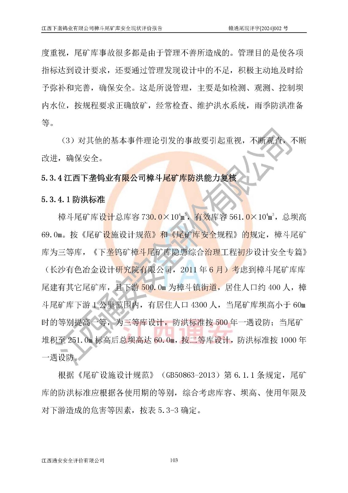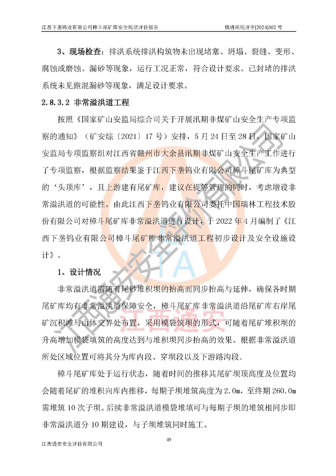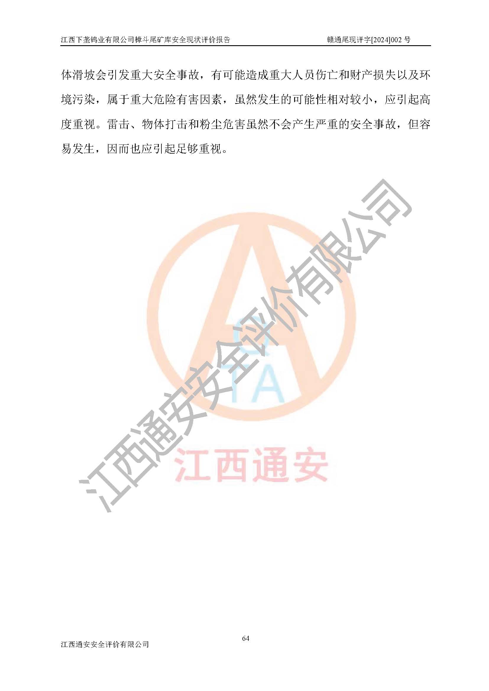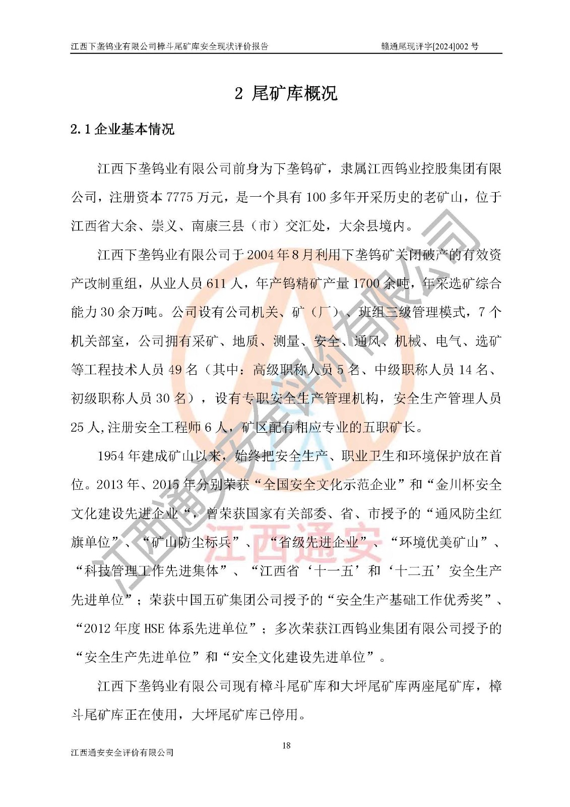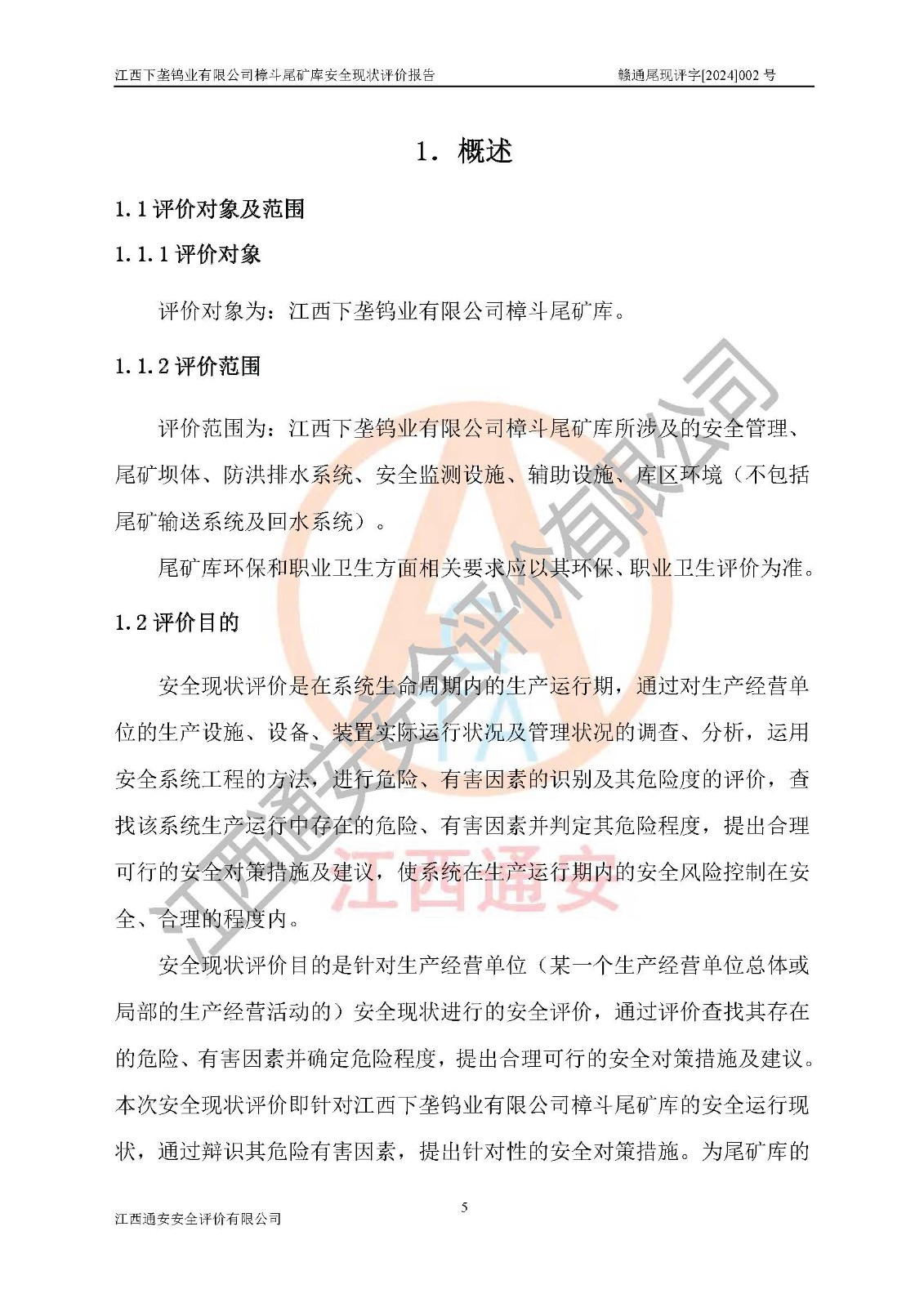 评价报告名称 | 江西下垄钨业有限公司樟斗尾矿库安全现状评价报告 | |||
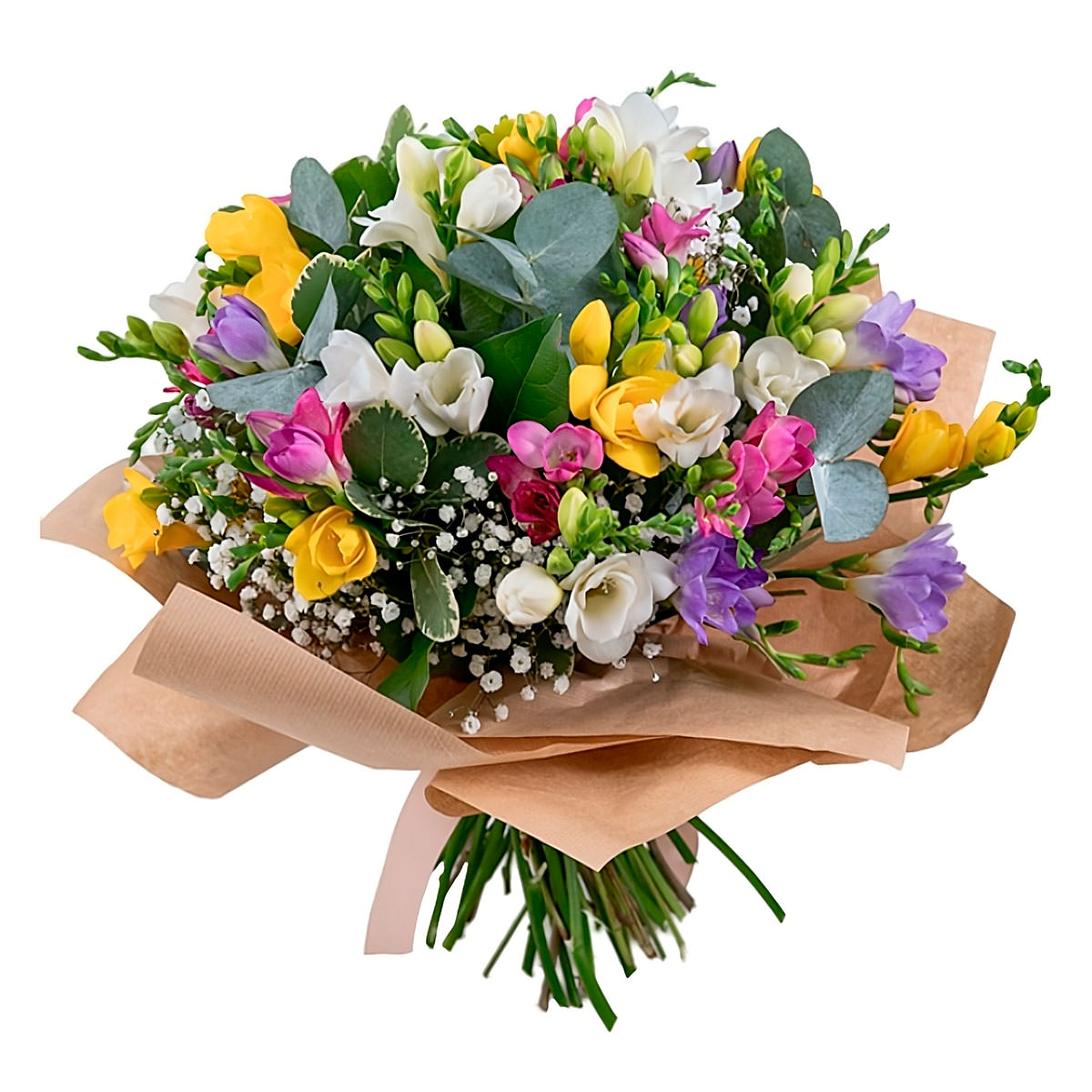 Этот букет из фрезий различных оттенков, гипсофилы и эвкалипта создаёт радостное и яркое впечатление. Все цветы гармонично сочетаются с зеленью, а упаковка из крафт-бумаги подчёркивает их естественную красоту. Композиция создаёт атмосферу лёгкости и вдохновения. Подойдёт для поздравления подруги на юбилей.
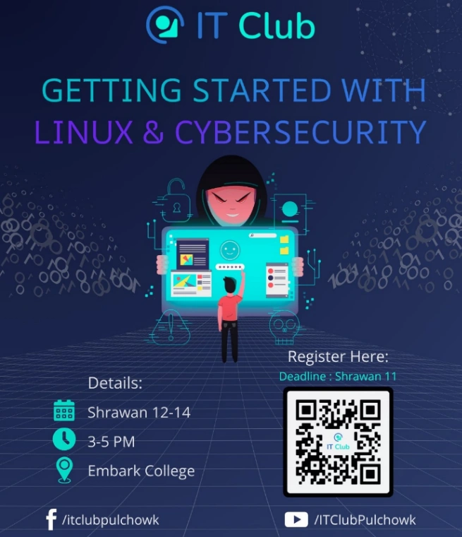 Join us for โGetting Started with Linux & Cybersecurityโ, a free hands-on workshop hosted by IT Club Pulchowk at Embark College. This event is designed to introduce beginners to the fundamentals of Linux and the exciting realm of cybersecurity โ from basic commands to understanding how digital threats work. Whether you're a tech enthusiast or planning a career in cyber defense, this is your perfect starting point.
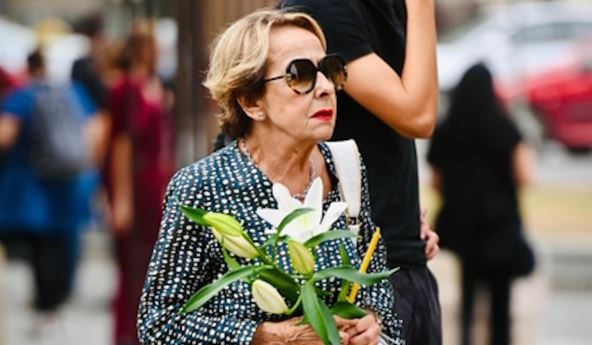 Glumica Iva Štrljić je došla da se oprosti od Vukobratovića s crvenom ružom, tu je i Vesna Trivalić, koja je nosila venac od cveća vidno utučena, kao i reditelj Darko Bajić.

☆ ☆ ☆ ☆ ☆

■ Problem
An exact copy is needed of the stretch above that opens with the line containing "Этот букет из" and closes with the line containing "Join us for"; the pictures are not part of it.

■ Answer box
 Этот букет из фрезий различных оттенков, гипсофилы и эвкалипта создаёт радостное и яркое впечатление. Все цветы гармонично сочетаются с зеленью, а упаковка из крафт-бумаги подчёркивает их естественную красоту. Композиция создаёт атмосферу лёгкости и вдохновения. Подойдёт для поздравления подруги на юбилей.
 Join us for โGetting Started with Linux & Cybersecurityโ, a free hands-on workshop hosted by IT Club Pulchowk at Embark College. This event is designed to introduce beginners to the fundamentals of Linux and the exciting realm of cybersecurity โ from basic commands to understanding how digital threats work. Whether you're a tech enthusiast or planning a career in cyber defense, this is your perfect starting point.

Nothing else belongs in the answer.